Question

The percentage of marks obtained by $ 100 $ students in an examination is given.

Marks	30-35	35-40	40-45	45-50	50-55	55-60	60-65
No. of students	14	16	28	23	18	8	3

Find the mean marks of the student.

Answer 1

Hint: First, we have to define what the terms we need to solve the problem are.
Since there is a set of students and their marks are given as respectively above in that table, like the marks thirty to thirty-five is gettable by the fourteen students is the lowest marks obtained.
The highest marks obtained is sixty to sixty-five marks by the student’s number is three only.
Thus, by all the information we need to find the mean marks.
The formula used: $ \overline x = \dfrac{{\sum {xf} }}{{\sum f }} $ formula of the Mean.
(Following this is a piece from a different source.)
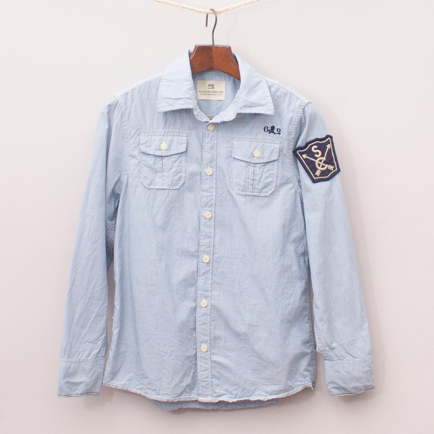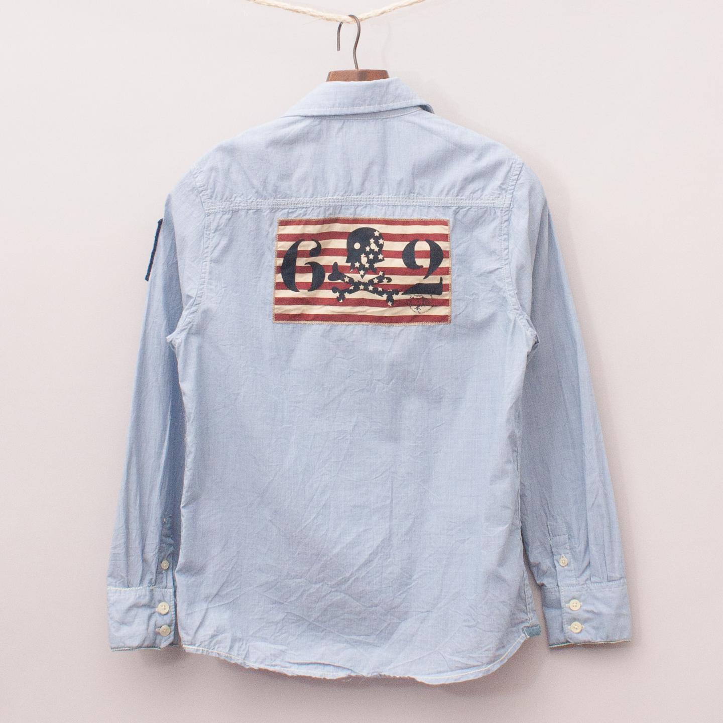 Scotch Shrunk light blue long sleeve shirt with two front pockets, navy blue and embroidered patch on the sleeve, American flag printed on the back and full button down front *100% Cotton

Complete step-by-step answer:
First, we need to find the average marks obtained by these students so that we can apply the formula of the means and find the answer to the given question.
Let us find the average with the use of given information like there are fourteen students can obtain the mark from $ 30 - 35 $ hence the average marks are $ 32.5 $ similarly we can able to find for all average marks and thus we get $ 42.5,47.5,52.5,57.5,62.5 $ .
Thus, we are going to multiply the marks according to the students like $ 32.5 \times 14 $ (fourteen students gets an average of thirty-two points five) and thus $ 32.5 \times 14 = 455 $ .
Hence similarly we can obtain all the other values like $ 600,1190,1092.5,945,460,187.5 $ which are the values of $ xf $ .
Hence applying the formula of mean we get $ \overline x = \dfrac{{\sum {xf} }}{{\sum f }} $ ( $ xf $ are the values of multiplying the average marks and students also f is the values of students only).
Thus, substitute the value in the addition (summation) we get $ \overline x = \dfrac{{\sum {xf} }}{{\sum f }} \Rightarrow \dfrac{{4930}}{{110}} $ (adding all the know values as above) (where $ 445 + 600 + 1190 + 1092.5 + 945 + 460 + 187.5 $ is the xf)
Further solving this we get $ \overline x \Rightarrow \dfrac{{4930}}{{110}} = 44.82 $ is the mean marks of the students.

Note: Since Mean can also be called the average values, and there are some other terms like mean which are median and mode.
 All three formulas are used to find the problems related to the distribution method.
 $ xf $ means adding all the multiplying of the average marks and students.